## Dataset section
╔══

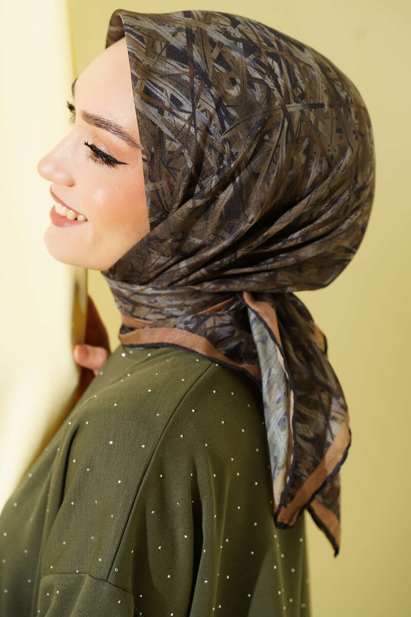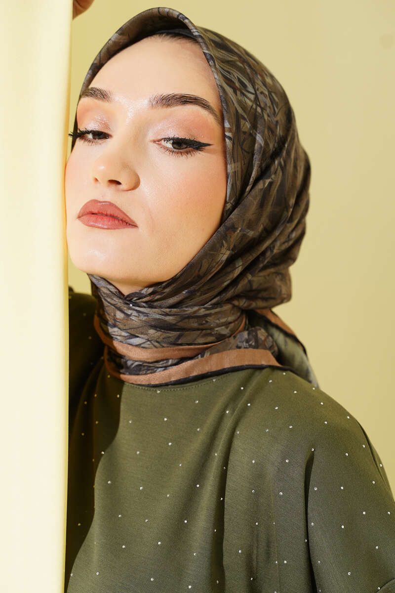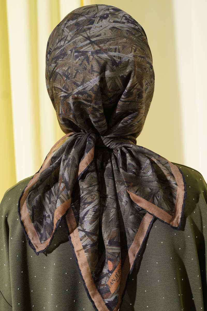 Desenli Ribanalı Demore Şal Lacivert Füme
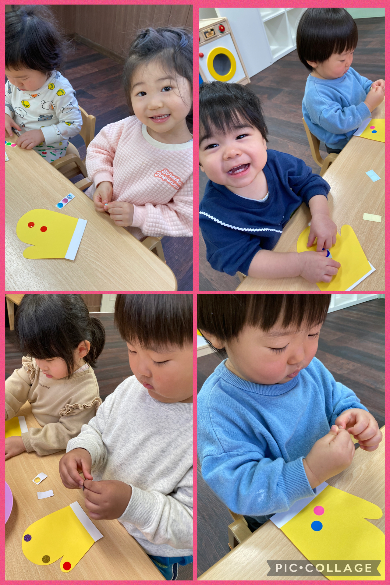 0.1歳児さんのお友達はチェック柄の折り紙を四角に切ったものを、のりで貼ったりカラフルな色の丸シールをたくさんつけて、かわいいドット柄にデコレーションしました✅💕
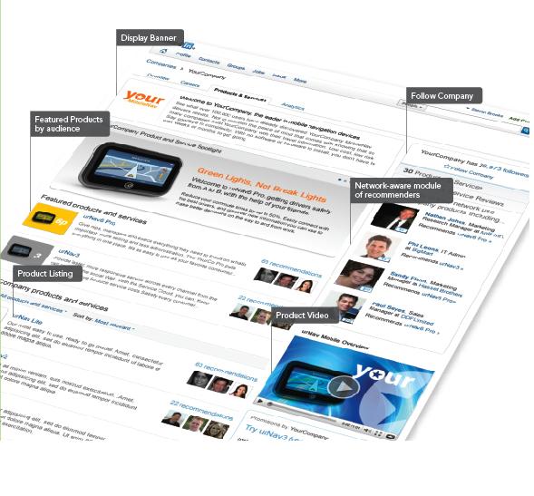 在公司简介页面,管理员可以添加服务或产品标签。比如会计公司就可以添加其所提供的各种金融服务标签。更为先进的是,这些页面会根据浏览会员的不同而自动显示差异化内容:比如对航空业的会计师展示一种服务或产品,而对运输业的工程师显示另外一种。
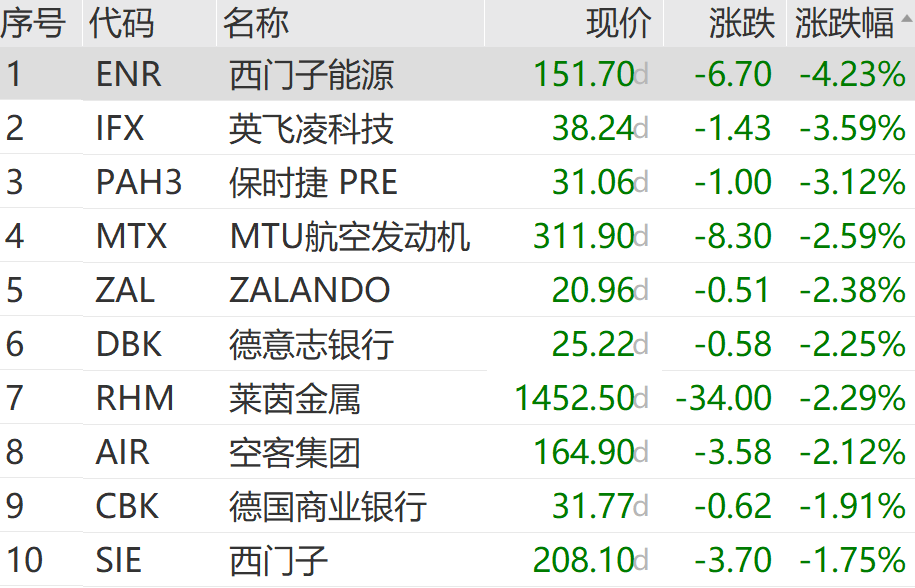 德国股市工业、能源板块走低,西门子能源、保时捷、莱茵金属等跌幅居前。

╚══

## Instructions for the task
Pictures aside, the material must be written out word for word.

## Task output
 Desenli Ribanalı Demore Şal Lacivert Füme
 0.1歳児さんのお友達はチェック柄の折り紙を四角に切ったものを、のりで貼ったりカラフルな色の丸シールをたくさんつけて、かわいいドット柄にデコレーションしました✅💕
 在公司简介页面,管理员可以添加服务或产品标签。比如会计公司就可以添加其所提供的各种金融服务标签。更为先进的是,这些页面会根据浏览会员的不同而自动显示差异化内容:比如对航空业的会计师展示一种服务或产品,而对运输业的工程师显示另外一种。
 德国股市工业、能源板块走低,西门子能源、保时捷、莱茵金属等跌幅居前。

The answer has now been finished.